The analysis in the specific case of $~n = 20, r = 7,~$ easily generalizes. The desired computation is

$$\sum_{k=r}^{n} \left\{ ~p^k q^{n-k} \left[ ~\binom{n}{k} - f(n,r,k) ~\right] ~\right\}.$$

Then, $~f(n,r,k)~$ represents the enumeration of the number of solutions to

• $x_1 + x_2 + \cdots + x_{(n+1-k)} = k.$

• $x_1, ~x_2, ~\cdots, ~x_{(n+1-k)} \in \Bbb{Z_{\geq 0}}.$

• $x_1, ~x_2, ~\cdots, ~x_{(n+1-k)} \in \Bbb{Z_{\leq (r-1)}}.$

Then,

$$f(n,r,k) = \sum_{w=0}^{n+1-k} (-1)^w T_w,$$

where

$$T_w = \binom{n+1-k}{w} \times \binom{n - [rw]}{n - k}.$$

Answer 2

Muselli gives the probability of exactly x runs. Regarding your example, you most likely want the probability of at least one run, which is $0.59375$. Muselli's Eqn 13 can also get that by adding $f(1)+f(2)$, but better yet, we can tweak the equation: change $\binom{m}{x}$ to $\binom{m-1}{x-1}$.

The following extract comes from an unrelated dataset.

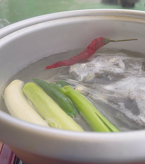 저는 멸치 다시팩 2개랑 짜투리 대파, 마늘 있어서 넣어줬고 끝에 살짝 매콤한 맛이 올라왔음 싶어

Edit: for those without access to the paper cited in the question, Muselli's equation is:

Let $M_n^{(k)}$ be the number of success runs with length $k$ or more in $n$ Bernoulli trials.

$$P(M_n^{(k)}=x)=\sum_{m=x}^{\lfloor\frac{n+1}{k+1}\rfloor}(-1)^{m-x}\binom{m}{x}p^{mk}q^{m-1}\left(\binom{n-mk}{m-1}+q\binom{n-mk}{m}\right)$$

Replacing $\binom{m}{x}$ with $\binom{m-1}{x-1}$ gives $P(M_n^{(k)}\ge x)$ as dictated by the inclusion-exclusion principle.